Nesta medida, atente-se nos programas designados de "talk-shows", onde aparecem para conversas de cariz algo estranho os mais inqualificáveis indivíduos; repare-se nos "reality-shows" onde durante semanas a fio se aprisionam numa casa "hermeticamente fechada" mas devassada em absoluto, alguns autómatos de ambos os géneros, que rapidamente destilam os afectos mais primitivos e desconexos numa clara e desconcertante manifestação inconsciente de tudo quanto lhes vai na alma. 

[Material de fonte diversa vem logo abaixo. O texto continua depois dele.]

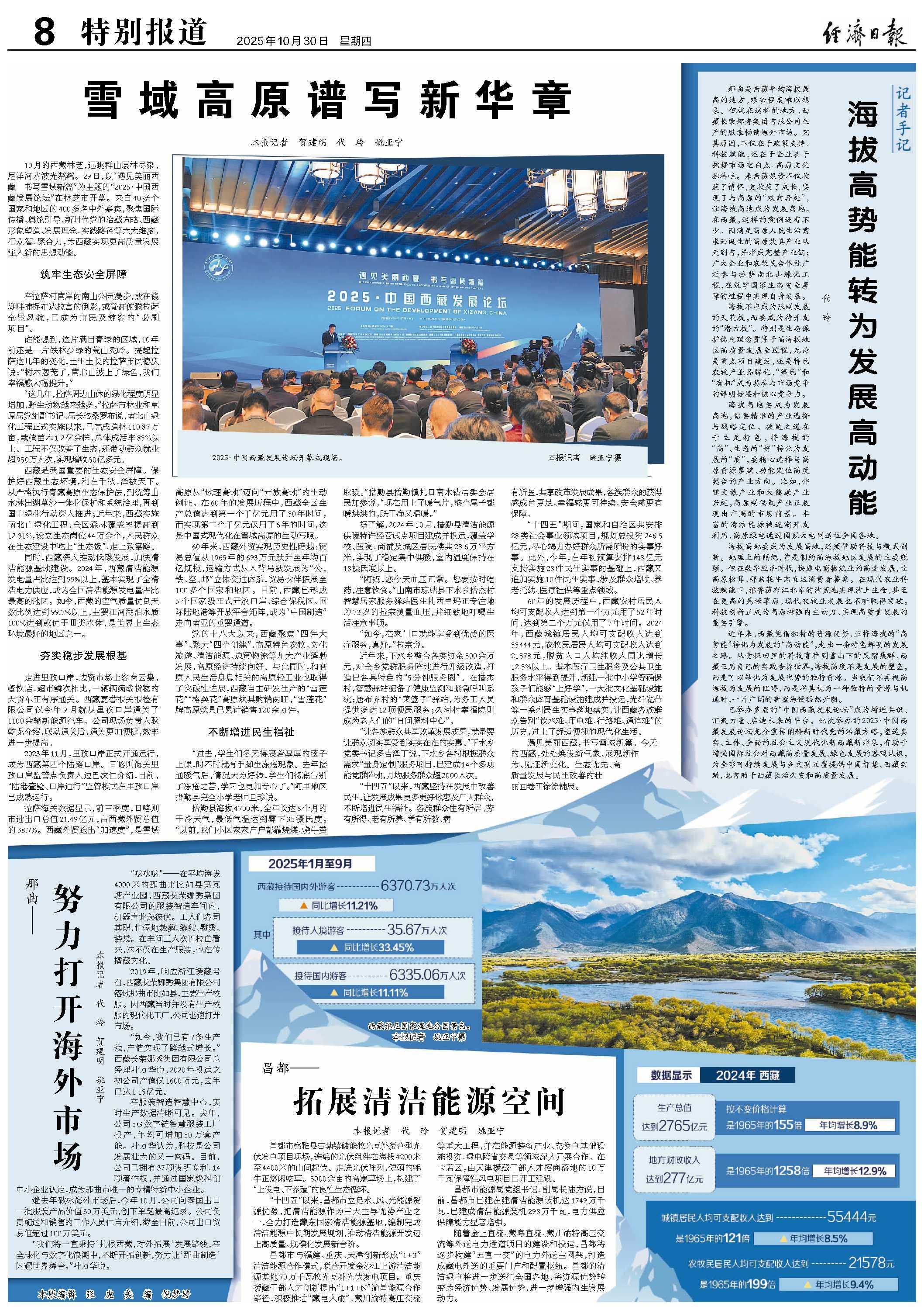 遇见美丽西藏,书写雪域新篇。今天的西藏,处处焕发新气象、展现新作为、见证新变化。生态优先、高质量发展与民生改善的壮丽画卷正徐徐铺展。

No caso da internet são tantos os benefícios como os prejuízos: nas crianças escolarizadas é extremamente difícil a inculcação de regras de utilização da mesma. Trata-se de uma tecnologia com carácter altamente viciante embora potencie uma diversidade ímpar de matérias e recursos que, se mal aproveitados podem constituir uma deriva alienante, perigosa e desvirtuadora de bons hábitos, atitudes e tendências...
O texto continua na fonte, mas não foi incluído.